As shown in the left figure, as the scale increases, fine-grained image features are added, and the model accuracy gradually improves. Therefore, we can try to add an early exit mechanism to exit in time when the positioning accuracy meets the requirements, avoid further calculations on high-resolution images, and achieve the effect of adaptively selecting the appropriate resolution based on the sample. This article also made some preliminary attempts, including adding prediction branches such as IoU, GIoU and uncertainty, and regressing early exit indicators, but found that the effect was not ideal. How to design a suitable and accurate early exit indicator needs further exploration.
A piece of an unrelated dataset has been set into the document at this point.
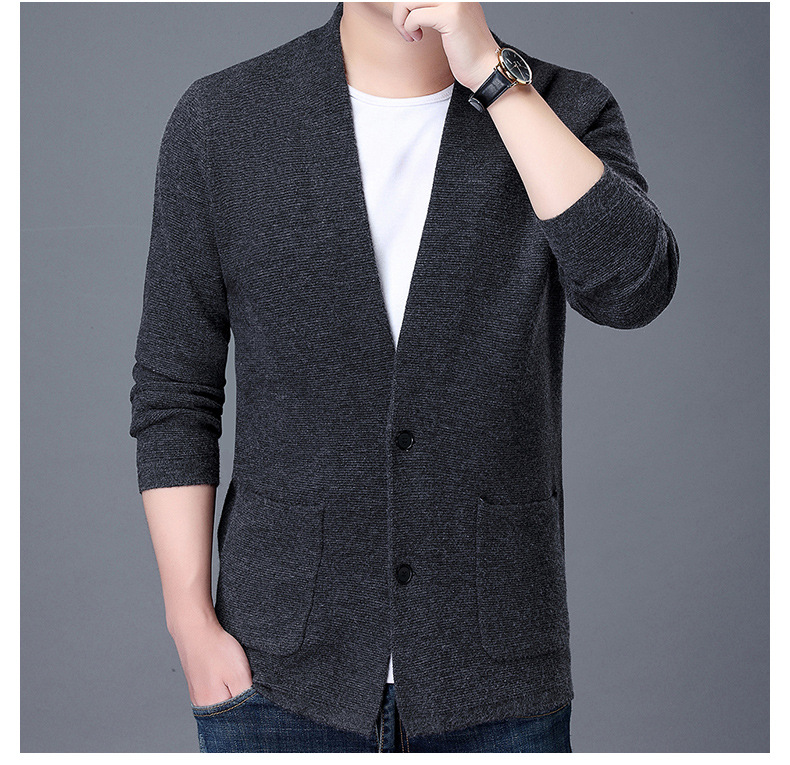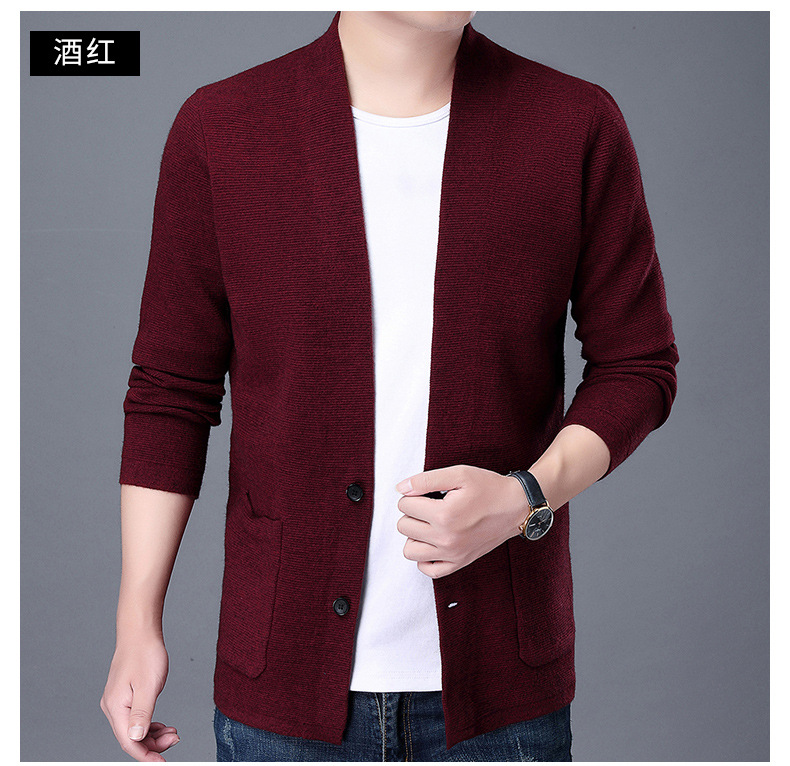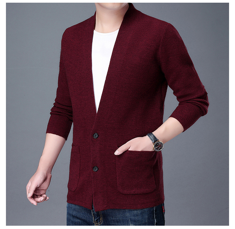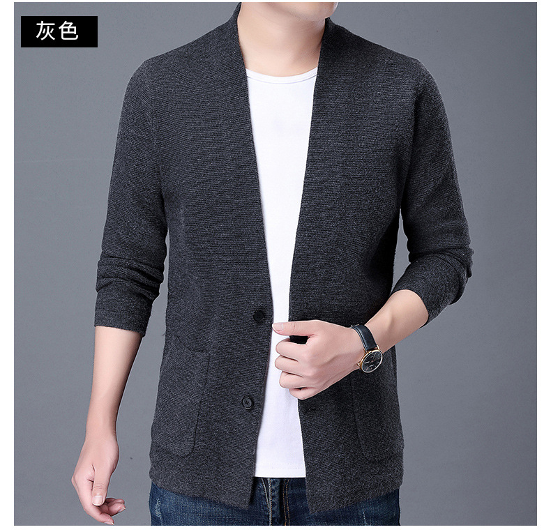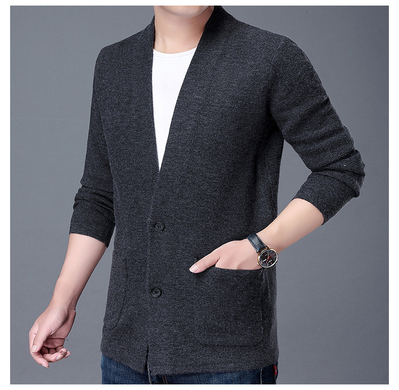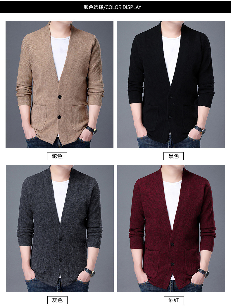뉴 롱 슬리브 리얼 포켓 V 넥 남자 니트 카디건 청소년 캐주얼 남성 앙고라 스웨터 올 매치 재킷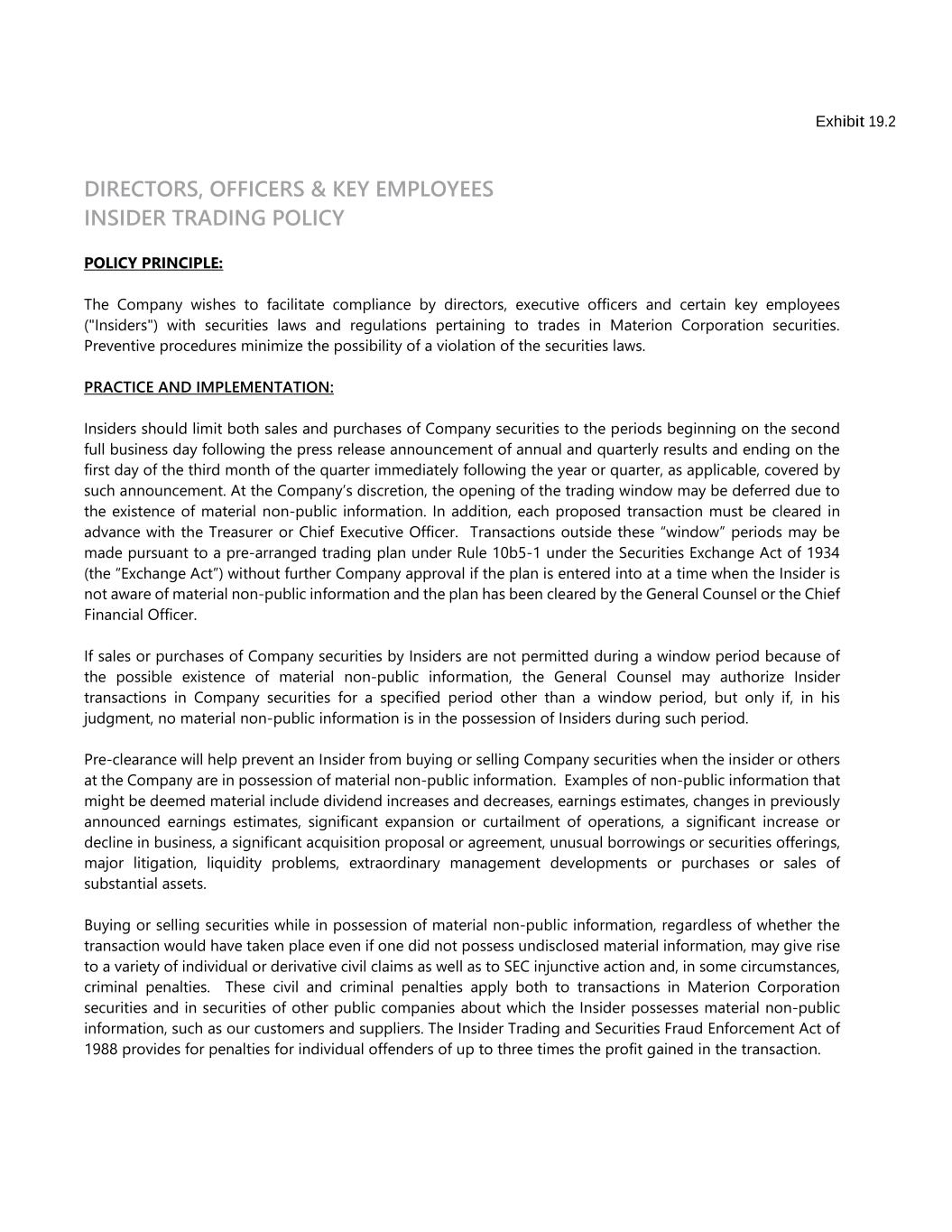 Exhibit 19.2 DIRECTORS, OFFICERS & KEY EMPLOYEES INSIDER TRADING POLICY POLICY PRINCIPLE: The Company wishes to facilitate compliance by directors, executive officers and certain key employees ("Insiders") with securities laws and regulations pertaining to trades in Materion Corporation securities. Preventive procedures minimize the possibility of a violation of the securities laws. PRACTICE AND IMPLEMENTATION: Insiders should limit both sales and purchases of Company securities to the periods beginning on the second full business day following the press release announcement of annual and quarterly results and ending on the first day of the third month of the quarter immediately following the year or quarter, as applicable, covered by such announcement. At the Company’s discretion, the opening of the trading window may be deferred due to the existence of material non-public information. In addition, each proposed transaction must be cleared in advance with the Treasurer or Chief Executive Officer. Transactions outside these “window” periods may be made pursuant to a pre-arranged trading plan under Rule 10b5-1 under the Securities Exchange Act of 1934 (the “Exchange Act”) without further Company approval if the plan is entered into at a time when the Insider is not aware of material non-public information and the plan has been cleared by the General Counsel or the Chief Financial Officer. If sales or purchases of Company securities by Insiders are not permitted during a window period because of the possible existence of material non-public information, the General Counsel may authorize Insider transactions in Company securities for a specified period other than a window period, but only if, in his judgment, no material non-public information is in the possession of Insiders during such period. Pre-clearance will help prevent an Insider from buying or selling Company securities when the insider or others at the Company are in possession of material non-public information. Examples of non-public information that might be deemed material include dividend increases and decreases, earnings estimates, changes in previously announced earnings estimates, significant expansion or curtailment of operations, a significant increase or decline in business, a significant acquisition proposal or agreement, unusual borrowings or securities offerings, major litigation, liquidity problems, extraordinary management developments or purchases or sales of substantial assets. Buying or selling securities while in possession of material non-public information, regardless of whether the transaction would have taken place even if one did not possess undisclosed material information, may give rise to a variety of individual or derivative civil claims as well as to SEC injunctive action and, in some circumstances, criminal penalties. These civil and criminal penalties apply both to transactions in Materion Corporation securities and in securities of other public companies about which the Insider possesses material non-public information, such as our customers and suppliers. The Insider Trading and Securities Fraud Enforcement Act of 1988 provides for penalties for individual offenders of up to three times the profit gained in the transaction.

The right figure shows the patch selection at different scales. At all scales, the selected patches account for a relatively small proportion, and most patches can be eliminated, thus effectively saving computing resources. For each sample (image + referential expression), the number of patches actually selected is relatively small, accounting for about 65% of the total.



Finally, the experimental part shows some visualization results. As the scale increases (red → green → blue), the localization accuracy of the model gradually improves. In addition, according to the image reconstructed by the selected patch, it can be seen that the model only pays attention to the coarse-scale information for the background area, and for the relevant foreground area, the model can pay attention to the fine-grained detail information.



Related Literature:

[1].Kim W, Son B, Kim I. Vilt: Vision-and-language transformer without convolution or region supervision [C]//International conference on machine learning. PMLR, 2021: 5583-5594.

[2].Kamath A, Singh M, LeCun Y, et al. Mdetr-modulated detection for end-to-end multi-modal understanding [C]//Proceedings of the IEEE/CVF international conference on computer vision. 2021: 1780-1790.

[3].Wang P, Yang A, Men R, et al. Ofa: Unifying architectures, tasks, and modalities through a simple sequence-to-sequence learning framework [C]//International conference on machine learning. PMLR, 2022: 23318-23340.